CAPÍTULO II

El conductor del convoy se sobresaltó al escuchar ese grito, cuando todavía estaba anotando en su bloc los nombres de los viajeros en sus respectivos compartimentos, conforme a las reservas establecidas previamente.

—Cielos, ¿qué es eso? —exclamó sorprendido, con un inevitable sobresalto. Y corrió en dirección al lugar de donde procedía el alarido, con el gesto de quien empieza a considerar de mal agüero ciertos presagios. No era fácil olvidar el reciente suceso trágico en la estación, tras un fallido atentado terrorista a todo un Gran Duque ruso y ahora llegaba esto, fuese ello lo que fuese…

Las puertas de las cabinas se abrían ya a lo largo del corredor del coche cama, mientras el conductor ferroviario corría hacia el lugar de origen de aquel grito, indudablemente proferido por una garganta femenina.

Halló a la mujer temblando, lívida, encogida contra la pared del vagón, la mirada vidriosa fija en la ventanilla, cuajada en estos momentos de vaho por la diferencia de temperatura, y sus ojos dilatados parecían contemplar lo más espantoso imaginable.

—Señorita, ¿qué le ocurre? —jadeó el conductor, desacertado.

—Ahí, en la ventana… —sollozó roncamente la joven, temblándole todo el cuerpo y la mano con que señalaba a la vidriera, tras la cual pasaban vaharadas de blanco vapor de la máquina, entremezcladas con ráfagas de nieve.

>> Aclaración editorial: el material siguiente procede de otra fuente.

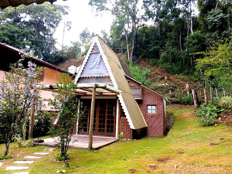 Charmoso Chalé! Duplex. Sala com cozinha integrada, banheiro com teto de vidro, quarto com pequena sacada. Ótimo espaço externo. Minutos do centro de Itaipava em rua residencial sem saída. Muito verde em meio a natureza da serra.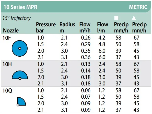 Die Rain Bird MPR-10H Düse in Blau bietet eine exakte 180°-Bewässerung für Flächen mit einem Radius von 3,0 Metern. Dank der Matched Precipitation Rate (MPR) Technologie ist sie perfekt für Systeme geeignet, in denen verschiedene Sektoren gleichzeitig bewässert werden. Die blaue Farbe kennzeichnet zuverlässig die 10-Fuß-Serie von Rain Bird für eine einfache Handhabung.

El conductor miró, sin ver nada aparte aquellos blancos copos y las nubes de humo de la locomotora, sobre el negro fondo de la noche, tras el vaho del vidrio. Varios viajeros se agolpaban ya junto a ellos, alarmados por el grito y también parecían buscar en vano la razón de aquella expresión de terror. Uno de ellos era Brian Jefford, que salió en mangas de camisa de su cabina inmediata, mirando con asombro a la joven.

—Señorita Renant… —musitó—. ¿Pero qué es lo que ocurre? ¿Usted fue quien gritó?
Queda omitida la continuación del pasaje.